RAGShield: Provenance-Verified Defense-in-Depth Against Knowledge Base Poisoning in Government Retrieval-Augmented Generation Systems
In recent developments, the increasing reliance on Retrieval-Augmented Generation (RAG) systems by federal agencies for citizen-facing services has raised significant concerns regarding their vulnerability to knowledge base poisoning attacks. These attacks involve adversaries injecting malicious documents into the knowledge base, thereby manipulating the output generated by these systems. A recent study has shown that as few as ten adversarial passages can achieve astonishingly high retrieval success rates, reaching up to 98.2%.
This article introduces RAGShield, a robust five-layer defense-in-depth framework designed to mitigate the risks associated with knowledge base poisoning in RAG systems. The framework draws analogies between RAG knowledge base poisoning and software supply chain attacks, emphasizing the need for a comprehensive approach that integrates supply chain provenance verification into the RAG knowledge pipeline.
Key Features of RAGShield
-
C2PA-inspired Cryptographic Document Attestation:
RAGShield incorporates cryptographic document attestation mechanisms that block unsigned and forged documents during the ingestion process.
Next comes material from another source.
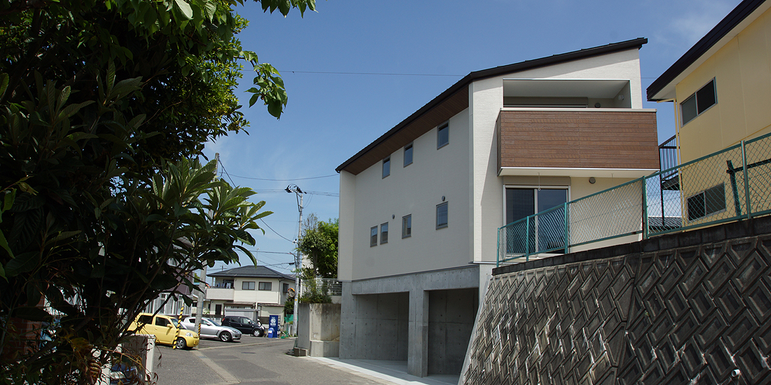 高低差のある敷地を有効に活用した住まい。 地面に埋まってしまう部分はRC構造のガレージ、その上が木造2階建ての住宅部分。 最上階は構造体を表わしたゆとりある広さのLDK。眺望が良いうえにプライバシーも確保でき、のんびりくつろげる家族だんらんの場となっています。

This ensures that only verified documents are considered in the knowledge base. -
Trust-Weighted Retrieval:
The framework prioritizes provenance-verified sources in its retrieval processes, enhancing the trustworthiness of the information presented to users. -
Formal Taint Lattice:
RAGShield features a formal taint lattice with cross-source contradiction detection, enabling it to catch insider threats even when the provenance of the documents is valid. -
Provenance-Aware Generation:
The system supports provenance-aware generation with auditable citations, allowing users to trace the origin of the information and thus reinforce accountability. -
NIST SP 800-53 Compliance Mapping:
RAGShield maps its framework to the NIST SP 800-53 standards across 15 control families, ensuring compliance with federal regulations and enhancing security protocols.
Evaluation and Results
The effectiveness of RAGShield was evaluated using a 500-passage Natural Questions corpus, which included 63 attack documents and 200 queries against five tiers of adversaries. The evaluation demonstrated a remarkable 0.0% attack success rate, even against adaptive attacks, with a confidence interval of 95% ranging from 0.0% to 1.9%. Additionally, the framework achieved a 0.0% false positive rate, showcasing its precision in distinguishing between legitimate and malicious documents.
However, it is crucial to acknowledge that insider in-place replacement attacks achieved a 17.5% attack success rate, highlighting the inherent limitations of ingestion-time defenses. Furthermore, the cross-source contradiction detector proved effective in identifying subtle numerical manipulation attacks that could bypass provenance verification entirely.
Conclusion
RAGShield represents a significant advancement in the security of RAG systems deployed across government agencies. By integrating supply chain provenance verification and implementing a multi-layered defense strategy, RAGShield addresses the critical vulnerabilities posed by knowledge base poisoning attacks. As the landscape of digital information continues to evolve, frameworks like RAGShield are essential for safeguarding the integrity and reliability of automated systems in public service.